What you will do
Which lines of the records below contain the word "手筒花火"? Report each of them in full.
[Start of section]
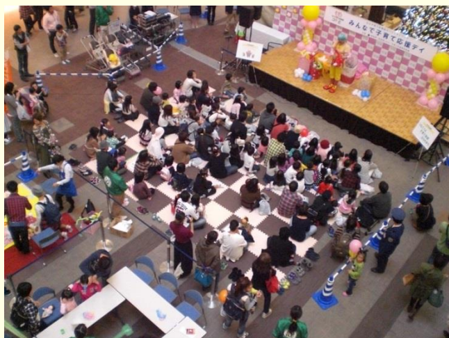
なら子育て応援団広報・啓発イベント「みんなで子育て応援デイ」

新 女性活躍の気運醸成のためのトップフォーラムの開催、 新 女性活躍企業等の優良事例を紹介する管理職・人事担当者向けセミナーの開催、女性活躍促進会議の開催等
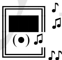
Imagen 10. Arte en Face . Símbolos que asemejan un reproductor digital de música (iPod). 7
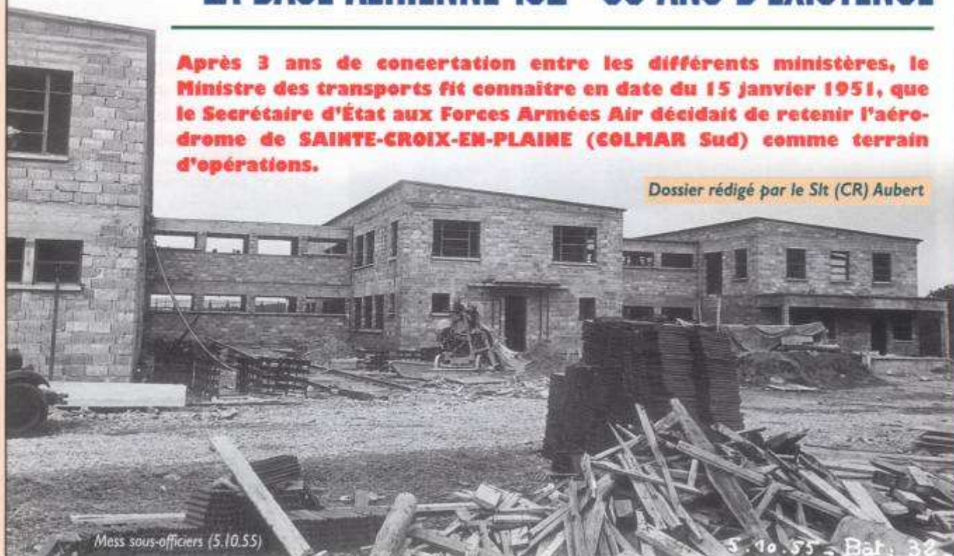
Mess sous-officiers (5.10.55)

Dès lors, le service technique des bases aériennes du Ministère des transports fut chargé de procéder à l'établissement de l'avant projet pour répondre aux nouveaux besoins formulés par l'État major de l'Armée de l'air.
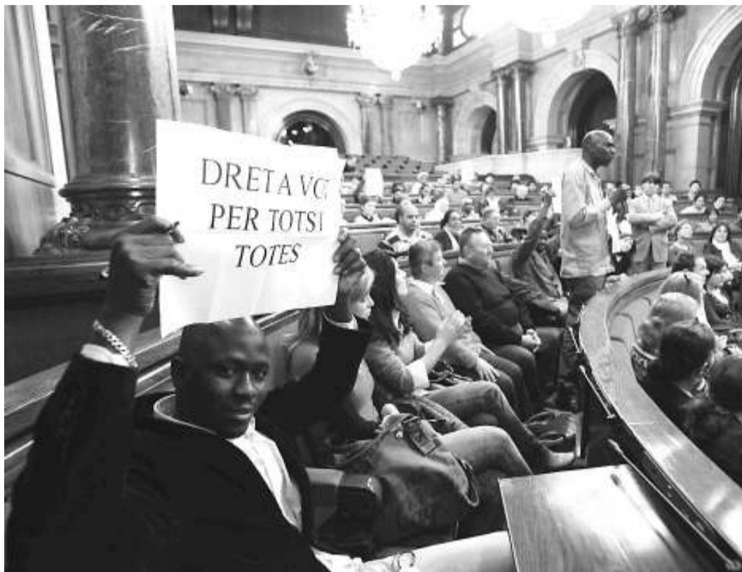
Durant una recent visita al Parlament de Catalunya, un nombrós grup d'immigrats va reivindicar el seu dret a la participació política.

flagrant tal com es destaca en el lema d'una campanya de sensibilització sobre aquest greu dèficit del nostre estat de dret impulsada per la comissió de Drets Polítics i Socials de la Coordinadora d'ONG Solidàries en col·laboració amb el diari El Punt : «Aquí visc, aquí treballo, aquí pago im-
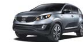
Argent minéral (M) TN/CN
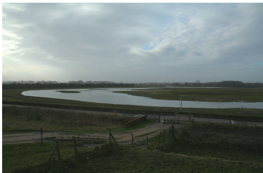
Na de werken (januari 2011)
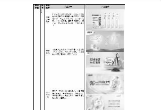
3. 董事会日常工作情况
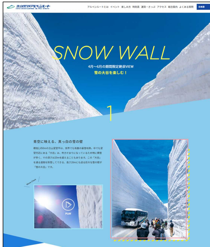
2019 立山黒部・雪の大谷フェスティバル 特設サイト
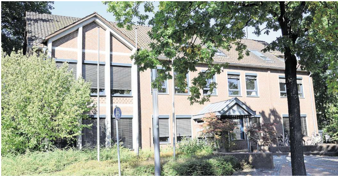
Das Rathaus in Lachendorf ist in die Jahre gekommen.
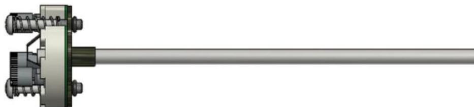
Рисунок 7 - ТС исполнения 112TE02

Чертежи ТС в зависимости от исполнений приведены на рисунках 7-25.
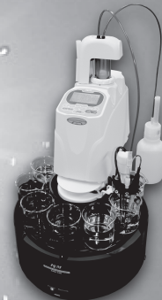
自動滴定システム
[End of section]
[Start of section]
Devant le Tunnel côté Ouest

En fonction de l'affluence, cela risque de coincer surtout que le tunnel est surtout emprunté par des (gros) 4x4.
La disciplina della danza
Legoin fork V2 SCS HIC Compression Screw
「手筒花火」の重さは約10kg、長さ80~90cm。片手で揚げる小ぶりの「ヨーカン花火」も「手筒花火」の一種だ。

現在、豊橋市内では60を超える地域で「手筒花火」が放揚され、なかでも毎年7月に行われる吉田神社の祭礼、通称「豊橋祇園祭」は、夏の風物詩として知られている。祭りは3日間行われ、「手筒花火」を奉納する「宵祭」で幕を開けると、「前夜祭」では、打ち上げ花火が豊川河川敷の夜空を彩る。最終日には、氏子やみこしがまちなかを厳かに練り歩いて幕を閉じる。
[End of section]
Problem solution
「手筒花火」の重さは約10kg、長さ80~90cm。片手で揚げる小ぶりの「ヨーカン花火」も「手筒花火」の一種だ。
現在、豊橋市内では60を超える地域で「手筒花火」が放揚され、なかでも毎年7月に行われる吉田神社の祭礼、通称「豊橋祇園祭」は、夏の風物詩として知られている。祭りは3日間行われ、「手筒花火」を奉納する「宵祭」で幕を開けると、「前夜祭」では、打ち上げ花火が豊川河川敷の夜空を彩る。最終日には、氏子やみこしがまちなかを厳かに練り歩いて幕を閉じる。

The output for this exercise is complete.